WASHINGTON — They seem right out of a Hollywood fantasy, and they are: Cars that drive themselves have appeared in movies like “I, Robot” and the television show “Knight Rider.”
Now, three years after Google invented one, automated cars could be on their way to a freeway near you. In the U.S., California and other states are rewriting the rules of the road to make way for driverless cars. Just one problem: What happens to the millions of people who make a living driving cars and trucks — jobs that always have seemed sheltered from the onslaught of technology?
“All those jobs are going to disappear in the next 25 years,” says Moshe Vardi, a computer scientist at Rice University in Houston. “Driving by people will look quaint; it will look like a horse and buggy.”
If automation can unseat bus drivers, urban deliverymen, long-haul truckers, even cabbies, is any job safe?
Vardi poses an equally scary question: “Are we prepared for an economy in which 50 percent of people aren't working?”
An Associated Press analysis of employment data from 20 countries found that millions of mid-skill, mid-pay jobs already have disappeared over the past five years.
What lies ahead?
That experience has left a growing number of technologists and economists wondering what lies ahead. Will middle-class jobs return when the global economy recovers, or are they lost forever because of the advance of technology? The answer may not be known for years, perhaps decades.
To understand their arguments, it helps to understand the past.
Every time a transformative invention took hold over the past two centuries, businesses would disappear and workers would lose jobs. But new businesses would emerge that employed even more.
The combustion engine decimated makers of horse-drawn carriages, saddles, buggy whips and other occupations that depended on the horse trade. But it also resulted in huge auto plants that employed hundreds of thousands of workers, who were paid enough to help create a prosperous middle class.

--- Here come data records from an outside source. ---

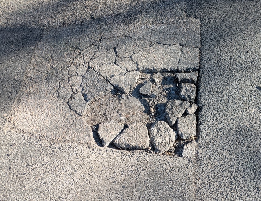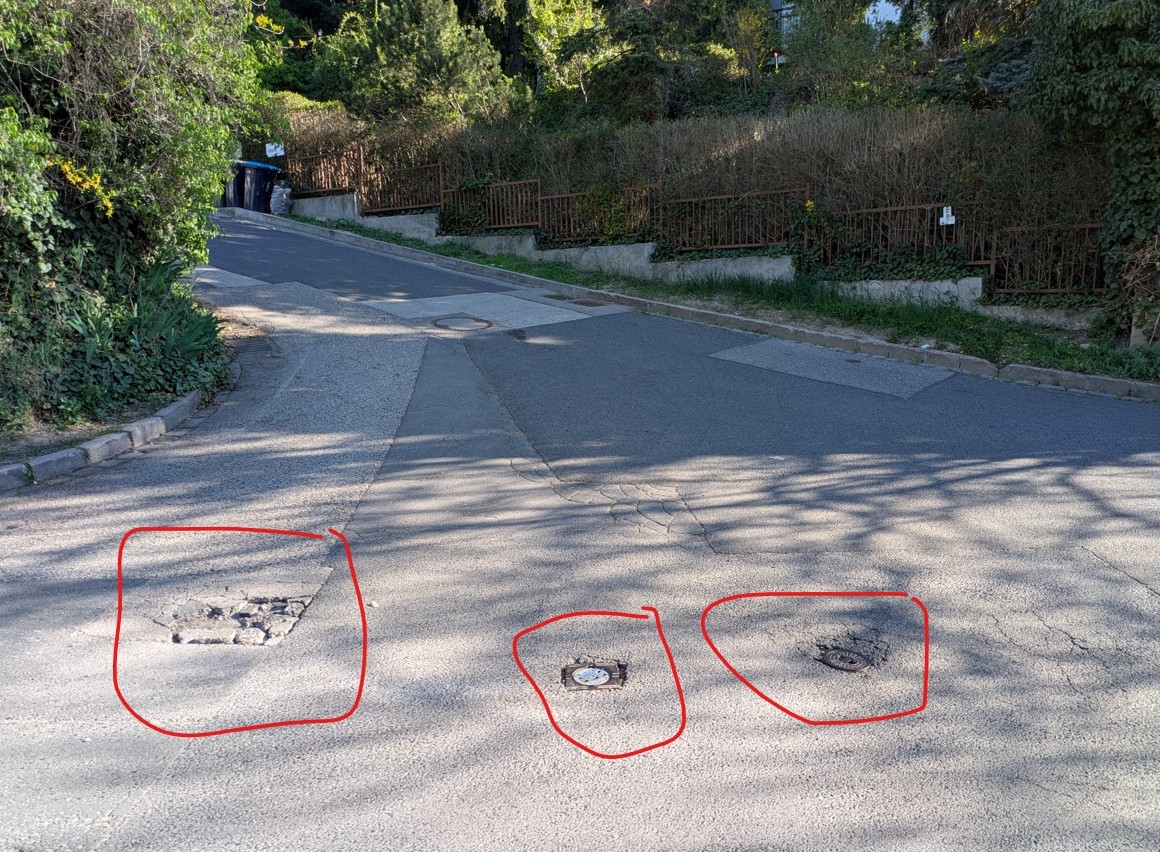 Budapest II. kerület Vöröstorony utca és Vöröstorony lejtő találkozásánál az úttest közepén kialakult egy csúnya kátyú. A kimozgó törmelék külön veszélyt jelet a járművekre. Ennek a közvetlen közelében van egy gáz- és vízelzáró fedél, és ezek mellett is elkezdett szétesni a burkolat. Jó lenne egyben a három szomszédos problémát kezelni. Lehet, hogy az elzáró fedélnél bitumen kiöntés is elég, de ezt majd eldöntik a szakemberek.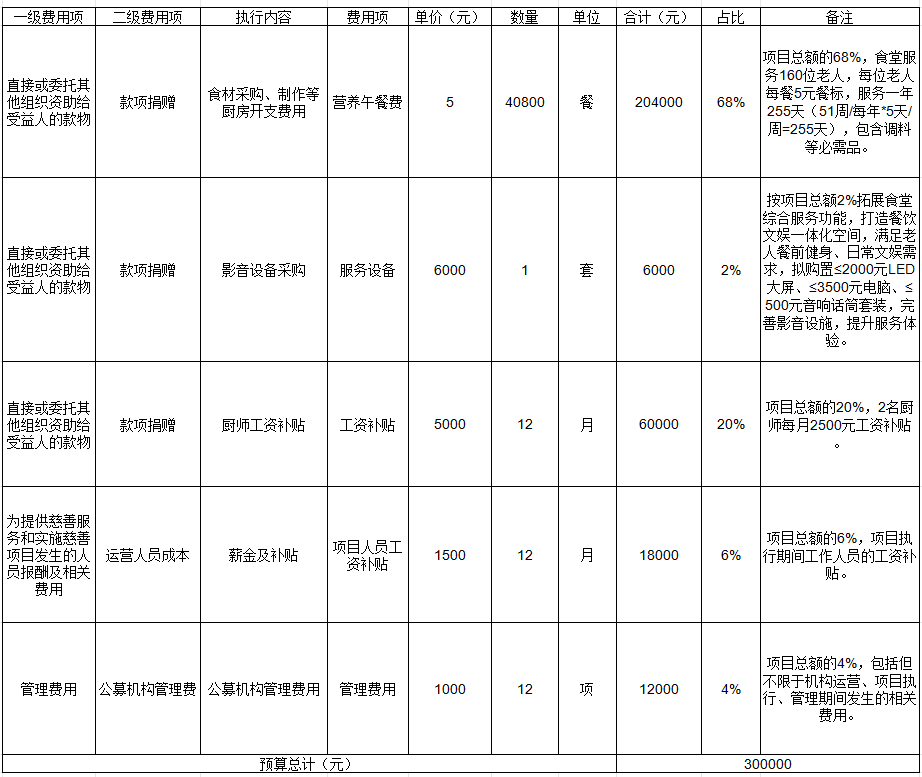 项目预算表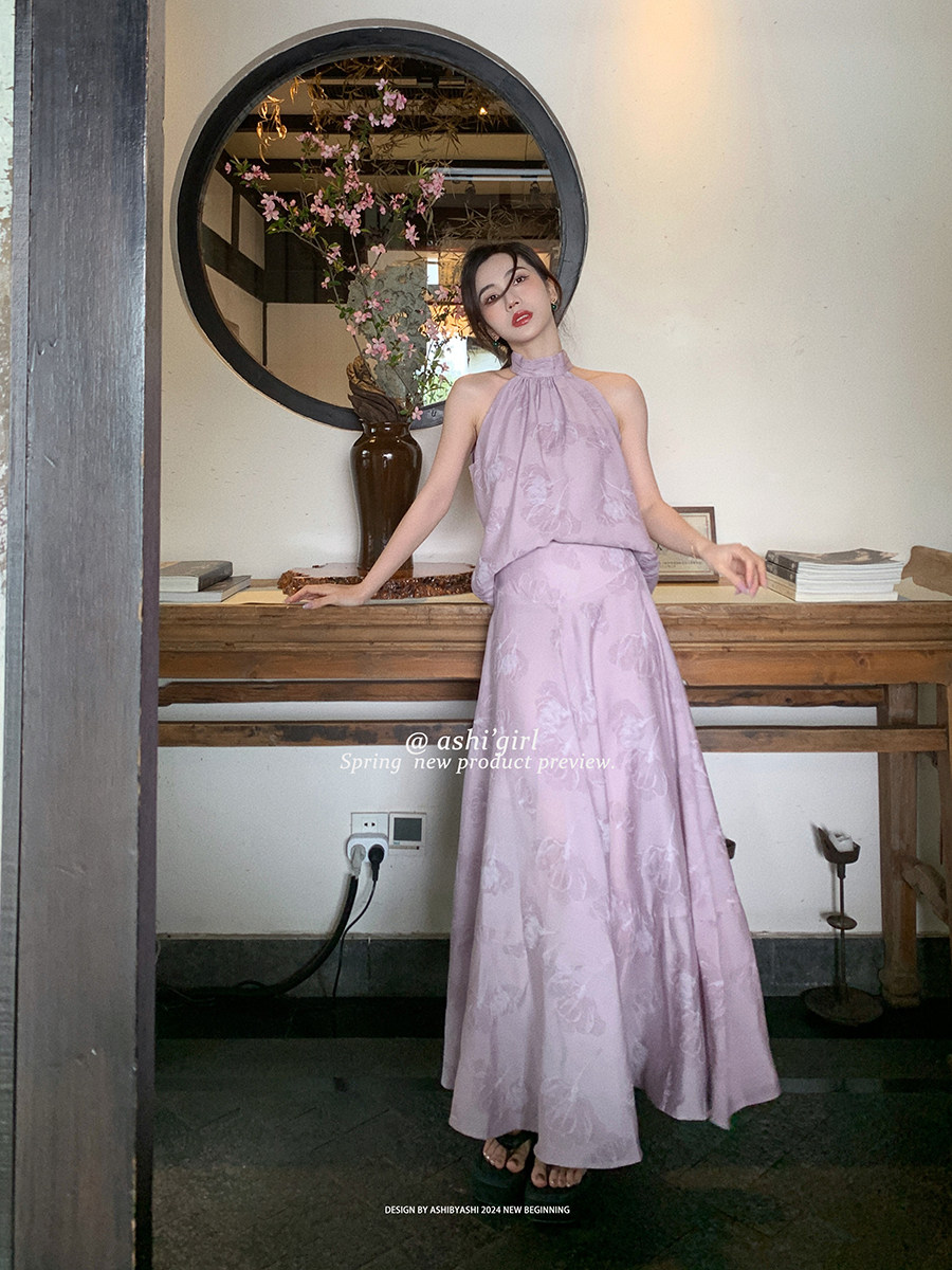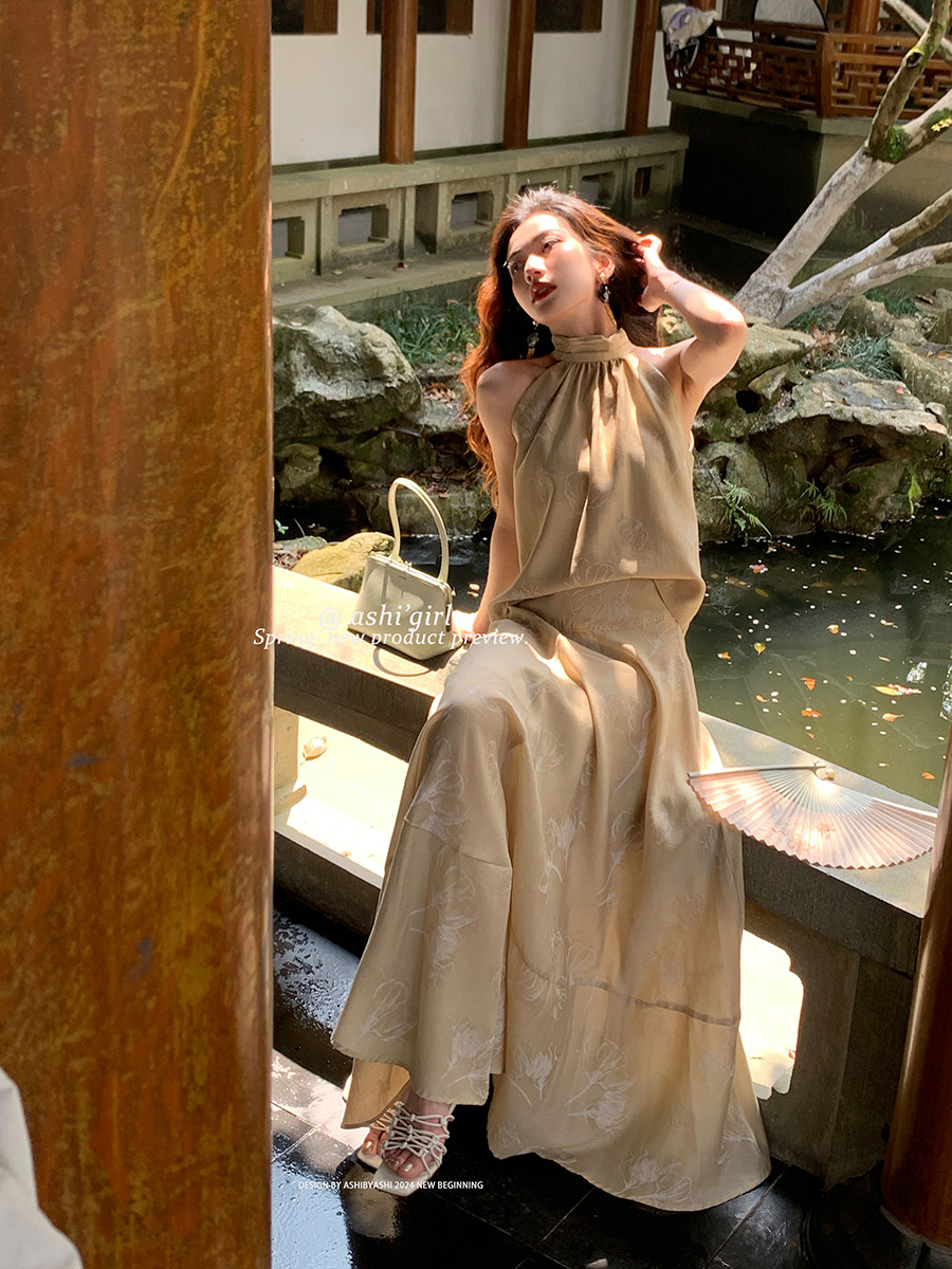 大于诗集 复古新中式挂脖花朵背心上衣女小个子A字半身裙套装夏季

“What has always been true is that technology has destroyed jobs but also always created jobs,” says Nobel Prize-winning economist Joseph Stiglitz of Columbia University.
The astounding capabilities of computer technology are forcing some mainstream economists to rethink the conventional wisdom about the economic benefits of technology, however. For the first time, we are seeing machines that can think — or something close to it.
In the early 1980s, at the beginning of the personal computer age, economists thought computers would do what machines had done for two centuries — eliminate jobs that required brawn, not brains.
Low-level workers would be forced to seek training to qualify for jobs that required more skills. They'd become more productive and earn more money. The process would be the same as when mechanization replaced manual labor on the farm a century ago; workers moved to the city and got factory jobs that required higher skills but paid more.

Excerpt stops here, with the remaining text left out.